🤖 AI Summary
We address the Age of Information (AoI) minimization problem in multi-sensor monitoring systems where sensors share a common communication channel to track multiple dynamic processes. Specifically, we investigate the hitherto unexplored impact of inter-process correlation on the efficacy of preemption policies. We propose a randomized preemption strategy guided by a sensor-state correlation matrix and establish— for the first time—that inter-process correlation, rather than update frequency, fundamentally governs preemption priority. We derive a closed-form AoI expression, formulate the optimization as a linear-fractional program, and design a branch-and-bound algorithm with linear-logarithmic time complexity, providing a theoretical upper bound on its iteration count. Experiments demonstrate that exploiting correlation structure yields decisive improvements in preemption decisions, significantly outperforming conventional baselines—including rate-based and random preemption schemes—in AoI reduction.
📝 Abstract
In this paper, we examine a multi-sensor system where each sensor monitors multiple dynamic information processes and transmits updates over a shared communication channel.
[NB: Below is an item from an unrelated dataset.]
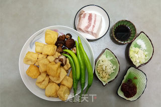 点击查看大图1.主料:豆腐泡150克、五花肉60克、香菇10朵(提前泡发好)、辣椒5根调料:郫县红油豆瓣酱1茶匙、生抽1茶匙、老抽1茶匙、蒜末1茶匙、葱末1茶匙、姜末1/3茶匙、料酒1茶匙、白糖1/3茶匙。
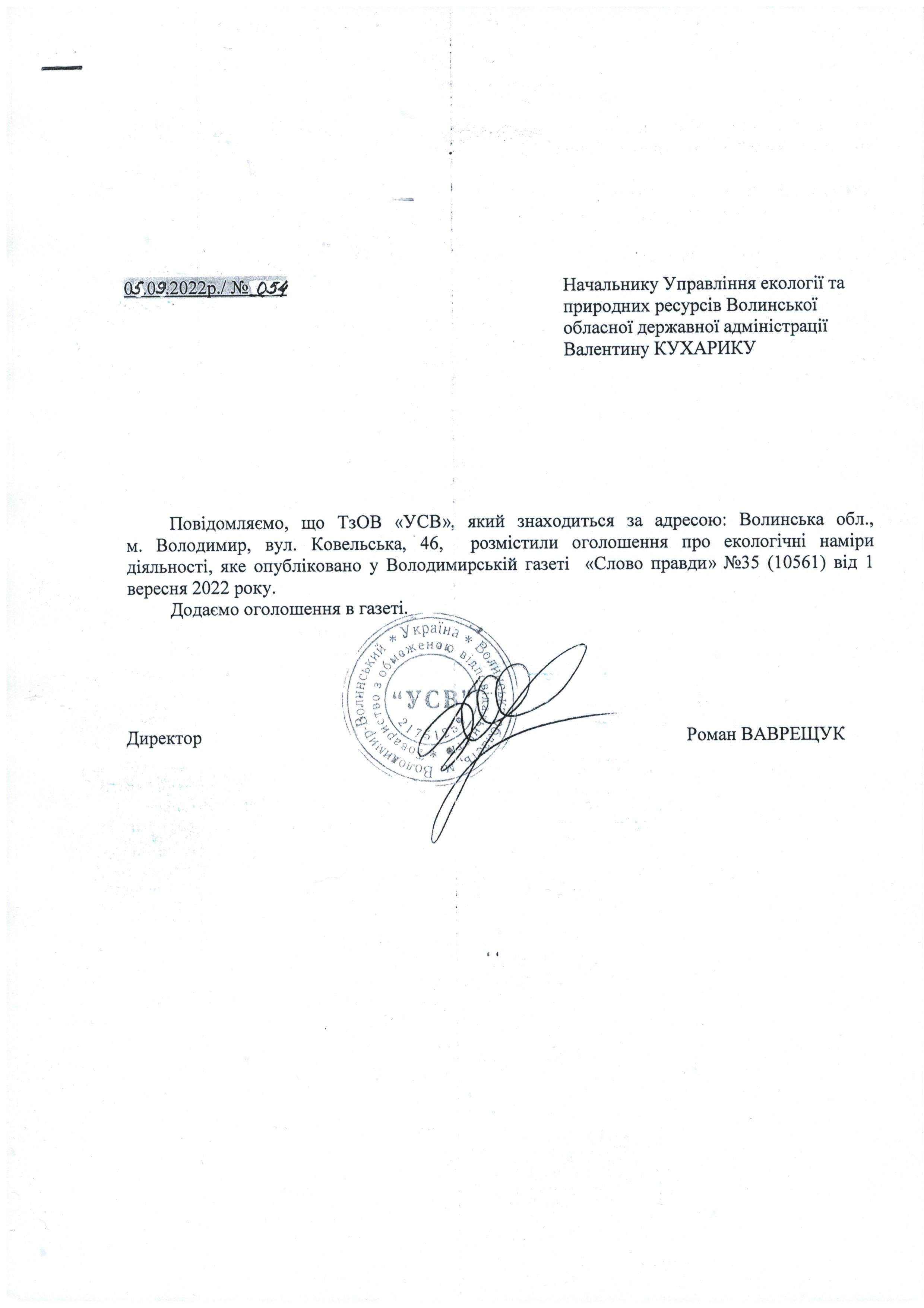 05 вересня 2022, 12:29 останні оновлення: 28 лютого 2025 Повідомлення про намір отримати дозвіл на викиди ТзОВ " Універсальний сервіс Ваврещуків " Лист Оголошення

These updates may include correlated information across the various processes. In this type of system, we analyze the impact of preemption, where ongoing transmissions are replaced by newer updates, on minimizing the Age of Information (AoI). While preemption is optimal in some scenarios, its effectiveness in multi-sensor correlated systems remains an open question. To address this, we introduce a probabilistic preemption policy, where the source sensor preemption decision is stochastic. We derive closed-form expressions for the AoI and frame its optimization as a sum of linear ratios problem, a well-known NP-hard problem. To navigate this complexity, we establish an upper bound on the iterations using a branch-and-bound algorithm by leveraging a reformulation of the problem. This analysis reveals linear scalability with the number of processes and a logarithmic dependency on the reciprocal of the error that shows the optimal solution can be efficiently found. Building on these findings, we show how different correlation matrices can lead to distinct optimal preemption strategies. Interestingly, we demonstrate that the diversity of processes within the sensors' packets, as captured by the correlation matrix, plays a more significant role in preemption priority than the number of updates.